Determination of selection rule.
Layer lines in the transform of the straightened filament are located by searching for peaks in a projection of the transform onto the central meridian. The peak search is controlled by parameters which describe the crossover length of the helix and the pixel size of the digitized image. The layer lines thus located are used to choose a selection rule which best fits the data from a library of possible selection rules provided by the user. Based on this selection rule the filament is then reboxed and restraightened using the original digitized image so that the final image contains an integral number of helical repeats. The selection rule is then checked for consistency and the final image is background corrected and floated to a mean of zero. This method, while useful for actomyosin, may not work for all specimens. For such a specimen the user would need only to replace this module with one more appropriate. We have recently made the changes necessary for processing microtubules displaying helical symmetry.
Correction for tilt and centering the helical axis.

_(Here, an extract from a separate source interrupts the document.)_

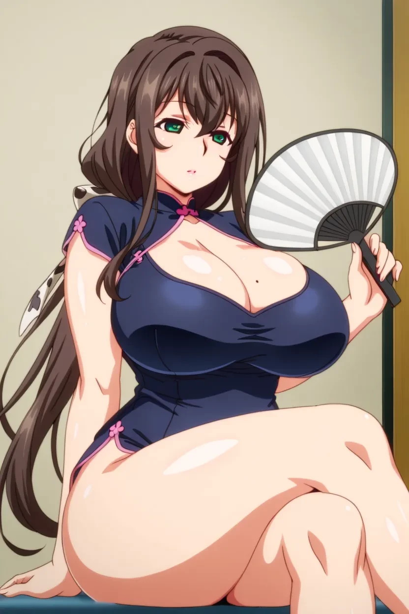 1girl, Kasumi (Tanetsuke Ojisan to NTR Hitozuma ), hair ribbon, long hair, brown hair, green eyes, lips, glossy lips, thick lips, massive breasts, mole on , Tanetsuke Ojisan to NTR Hitozuma _art style, HD, 4k, superb quality, flawless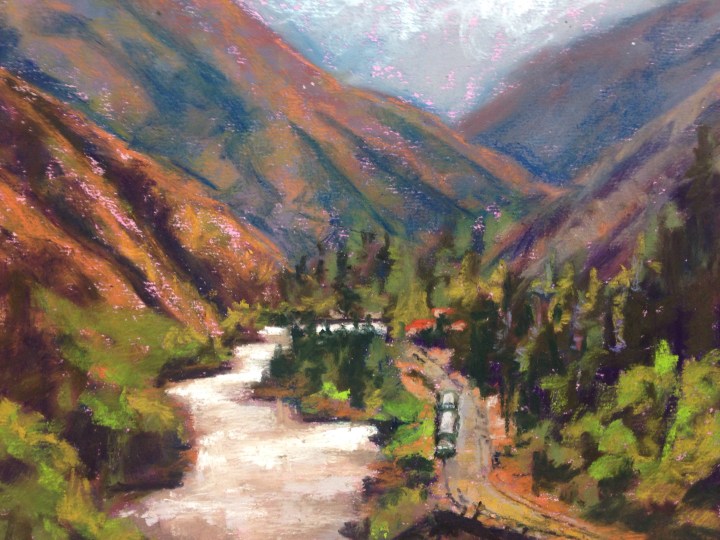 I just finished the Inka trek to Machu Pichu. It took four days of hiking, with thousands of feet of elevation change. We experienced breathtaking views, hot sun, pouring rain, wind, freezing clouds, archeological sites, and amazing floura and fauna. Words and pictures can’t quite sum up the experience. This painting is my first attempt at hinting at Inca ruins. I wanted the effect of dabbing people into a beach, a few strokes without every complicated detail.

Correcting the layer line data for out-of-plane tilt, centering in the transform box, fitting to a reference data set and averaging was performed essentially as previously described [Milligan and Flicker, 1987]. Correction for tilt and centering require the user to specify amplitude peaks on certain strong layer lines which approximately match across the meridian. These peaks are determined computationally by identifying the amplitude maximum in the vector average of the near and far side of each layer line. In interactive mode the amplitude peaks selected in this way are presented graphically to the operator and may be edited if desired.
Sniffer.
In an effort to increase signal on high resolution layer lines we have also implemented a layer line "sniffer" algorithm as described by Morgan and DeRosier [Morgan et al., 1995]. For high order layer lines where the signal/noise ratio of the Fourier transform is low, it is not possible to determine the layer line position by searching directly for a peak in the transform. Instead these high order layer lines are extracted by predicting their position based on the selection rule determined as described above. Imprecision in the estimate of average layer line spacing may result in the actual position of the high order layer lines deviating from their predicted position, thus limiting the resolution which can be achieved. The sniffer algorithm proceeds by calculating a phase residual between each layer line in the average data set and a set of layer lines centered around the predicted layer line position for each individual filament. The layer line which results in the lowest phase residual is extracted to form a new average and the process is iterated. The result of this sniffing procedure on layer lines taken from a reconstruction of an actomyosin filament is shown in figure 3. Average amplitudes and phases, as well as the phase components of all data sets contained in the average, are shown before and after sniffing for one strong and one weak layer line. Note that on the strong layer line (e.g. n,l 2,4) there is little gained by sniffing due to the strong signal which allows for an accurate determination of the layer line intercept. In contrast, on the weak layer line (e.g. n,l 0,54) phases become much more consistent between filaments, resulting in an increase in amplitude following averaging.
User interface
The package as written consists of a series of programs including many from the SUPRIM package, the MRC package, a number of custom programs written specifically for this purpose and several public domain programs (e.g. xgraph, David Harrison, University of California). The principal data formats used are those specific to the MRC programs and the SUPRIM package. Data is converted between these formats as required using routines called as part of the controlling scripts.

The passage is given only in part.